• **Supplied data**:
########################################

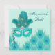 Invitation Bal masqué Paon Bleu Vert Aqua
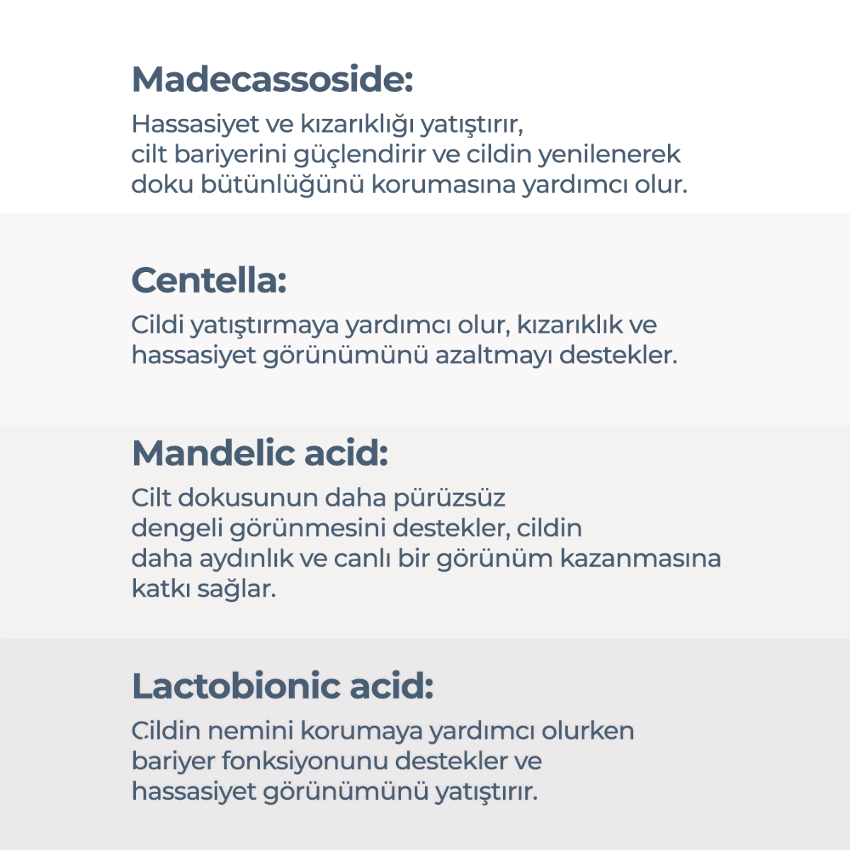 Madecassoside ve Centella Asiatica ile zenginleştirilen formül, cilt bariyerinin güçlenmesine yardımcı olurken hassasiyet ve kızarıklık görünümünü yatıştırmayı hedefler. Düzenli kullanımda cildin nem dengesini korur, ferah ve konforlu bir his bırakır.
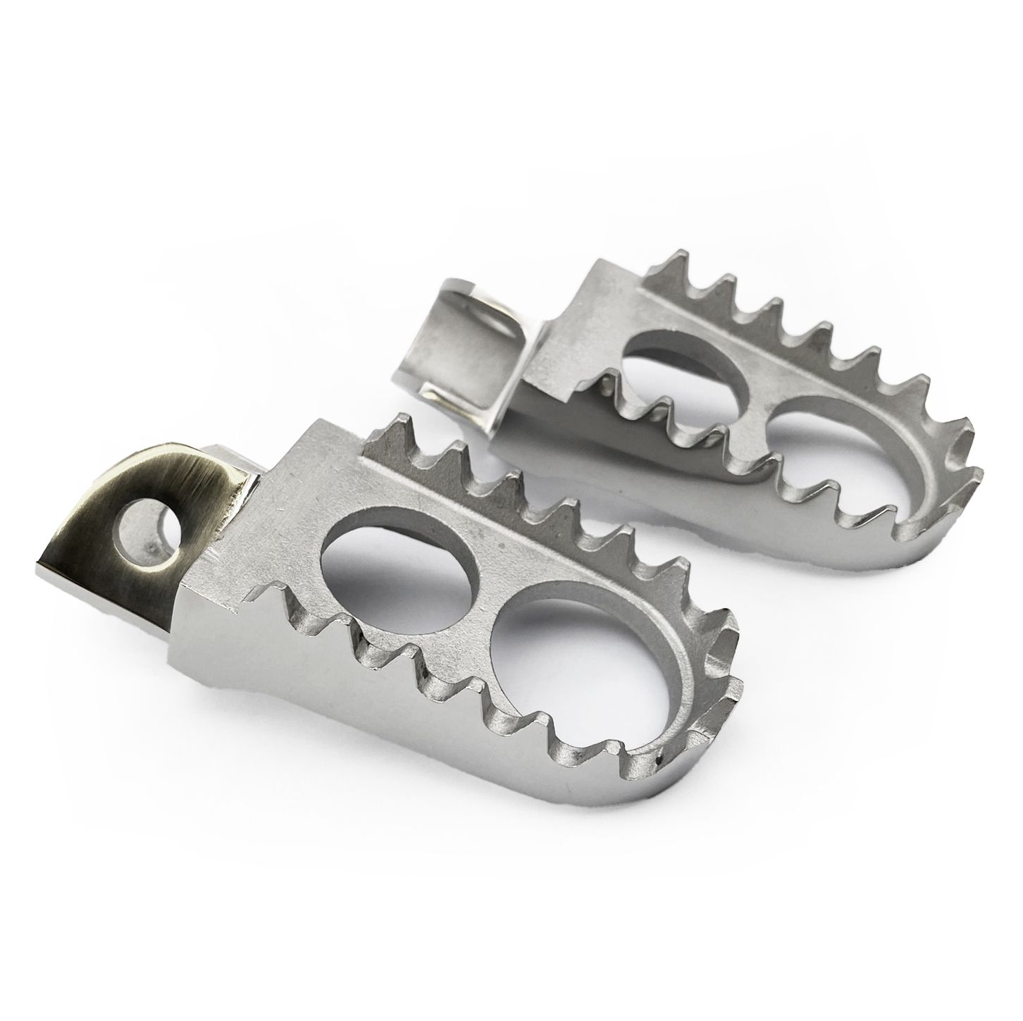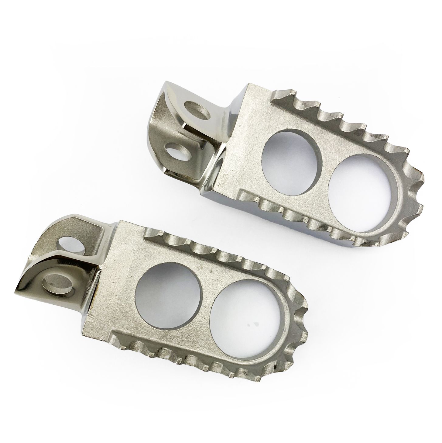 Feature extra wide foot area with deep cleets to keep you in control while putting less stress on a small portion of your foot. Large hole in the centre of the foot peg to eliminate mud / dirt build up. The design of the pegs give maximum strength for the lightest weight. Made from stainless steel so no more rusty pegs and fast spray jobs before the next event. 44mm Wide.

########################################

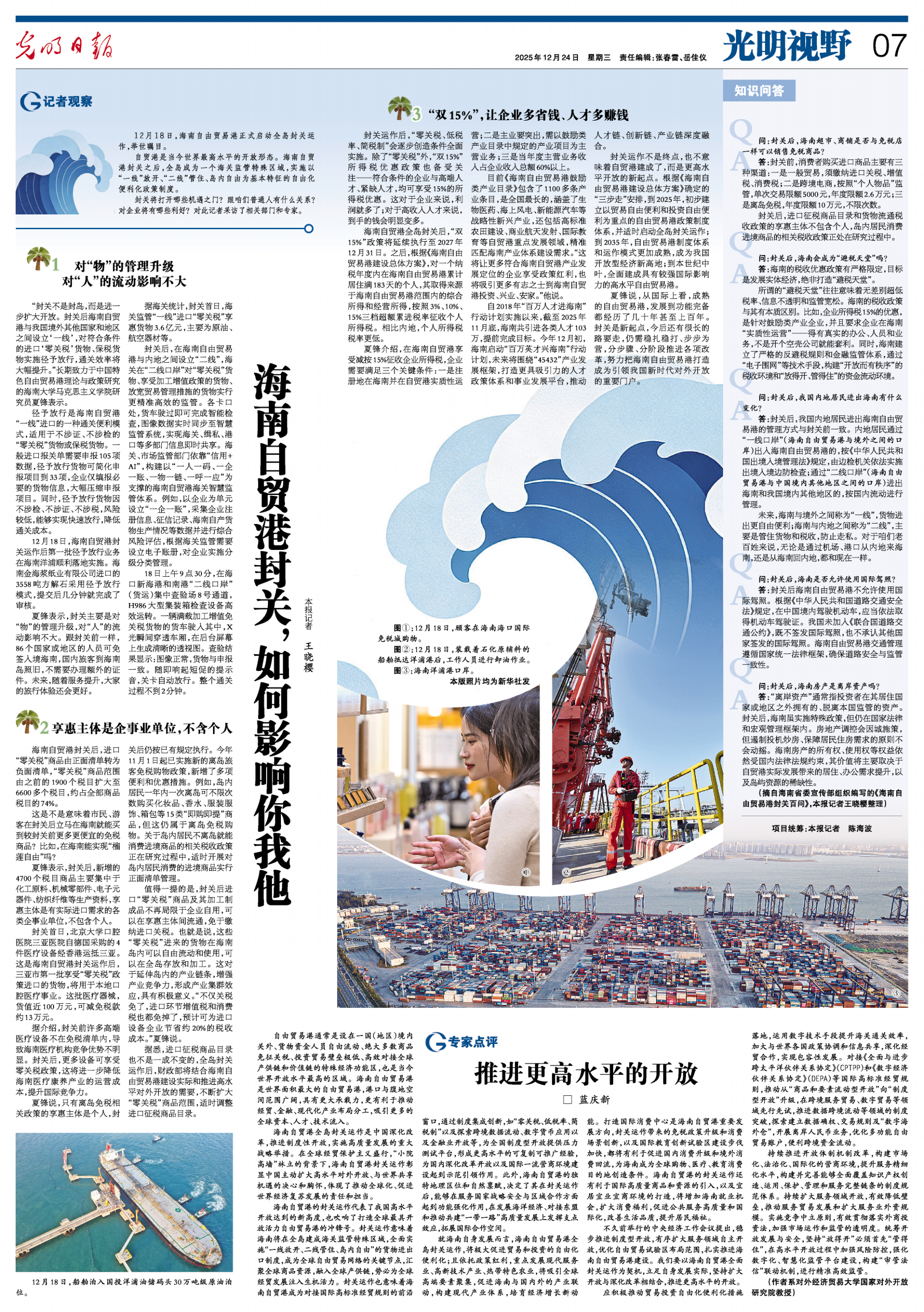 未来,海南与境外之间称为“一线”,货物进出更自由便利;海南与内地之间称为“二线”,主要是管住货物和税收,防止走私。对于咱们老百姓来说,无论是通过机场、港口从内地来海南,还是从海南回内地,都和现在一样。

########################################

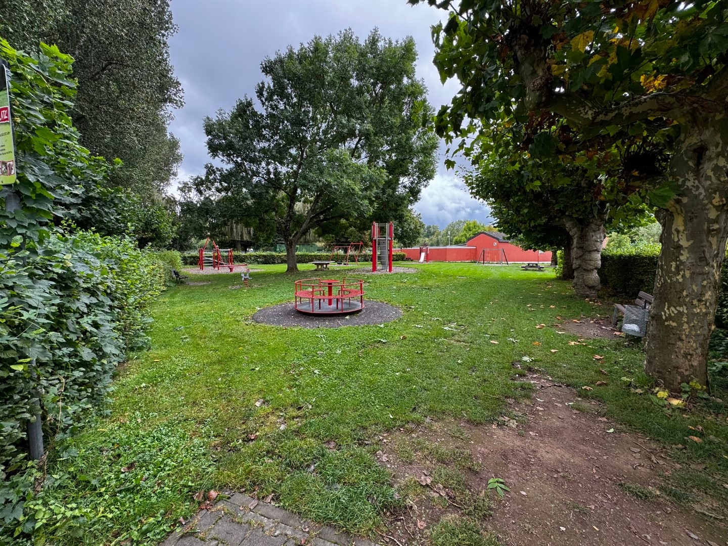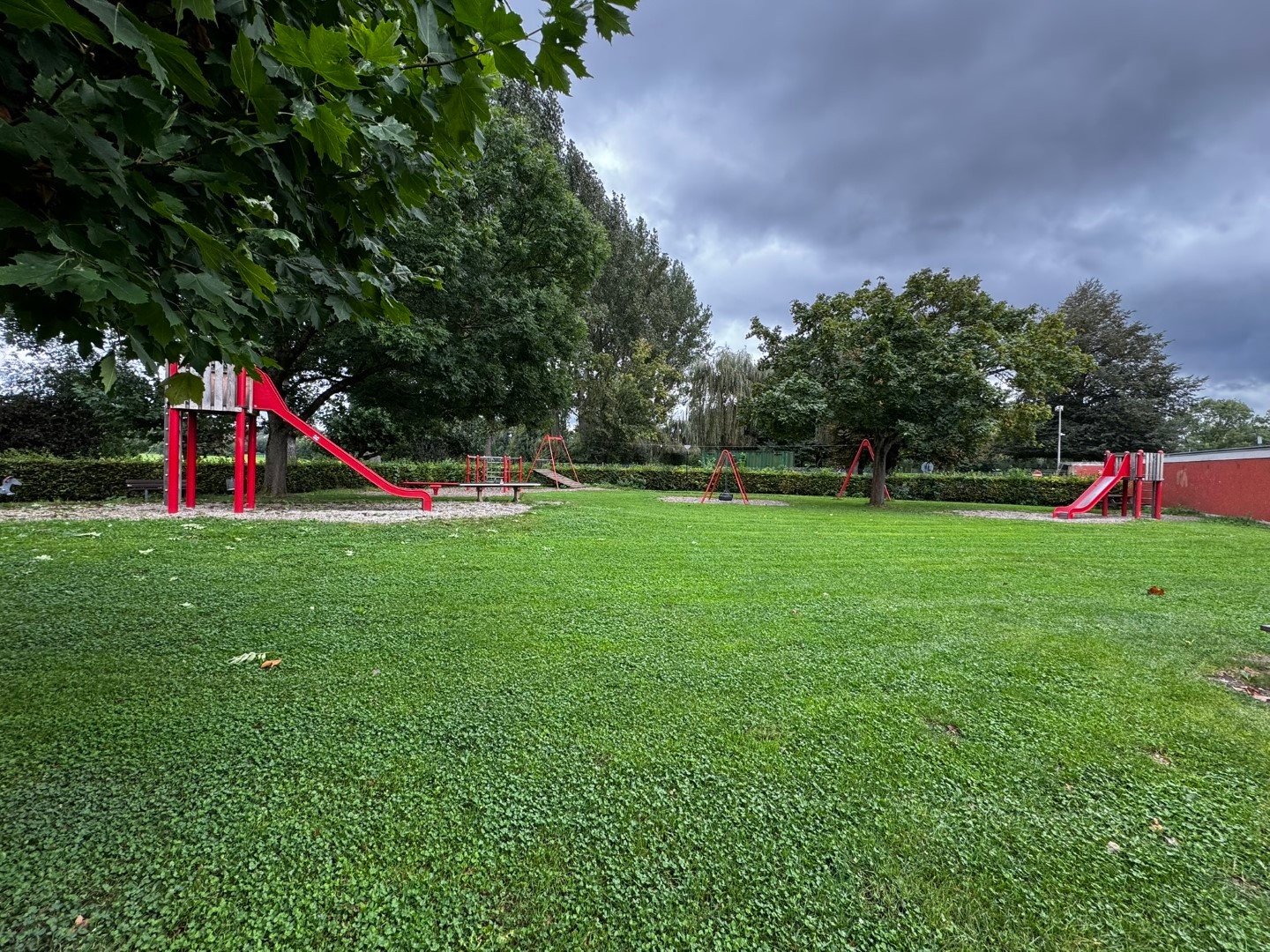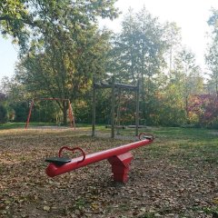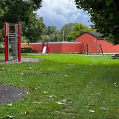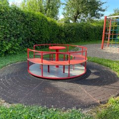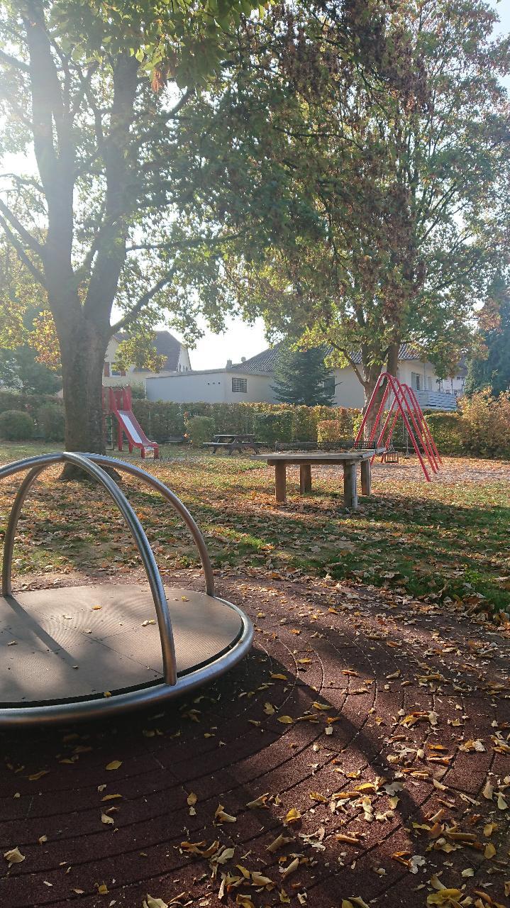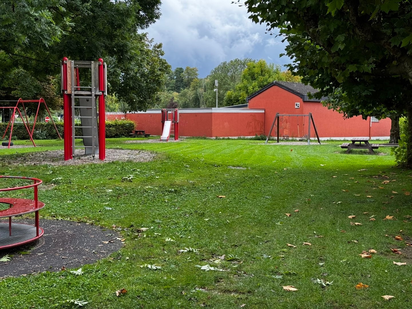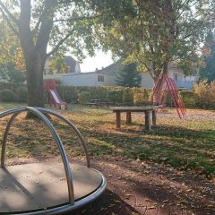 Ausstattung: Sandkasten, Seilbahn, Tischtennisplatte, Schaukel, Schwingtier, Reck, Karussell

########################################

• **What the task asks**: Copy out exactly the lines above beginning with the line that contains "Invitation Bal masqué Paon Bleu Vert Aqua" and finishing with the line that contains "Feature extra wide", including both; leave the pictures out.

• **Answer section**:
 Invitation Bal masqué Paon Bleu Vert Aqua
 Madecassoside ve Centella Asiatica ile zenginleştirilen formül, cilt bariyerinin güçlenmesine yardımcı olurken hassasiyet ve kızarıklık görünümünü yatıştırmayı hedefler. Düzenli kullanımda cildin nem dengesini korur, ferah ve konforlu bir his bırakır.
 Feature extra wide foot area with deep cleets to keep you in control while putting less stress on a small portion of your foot. Large hole in the centre of the foot peg to eliminate mud / dirt build up. The design of the pegs give maximum strength for the lightest weight. Made from stainless steel so no more rusty pegs and fast spray jobs before the next event. 44mm Wide.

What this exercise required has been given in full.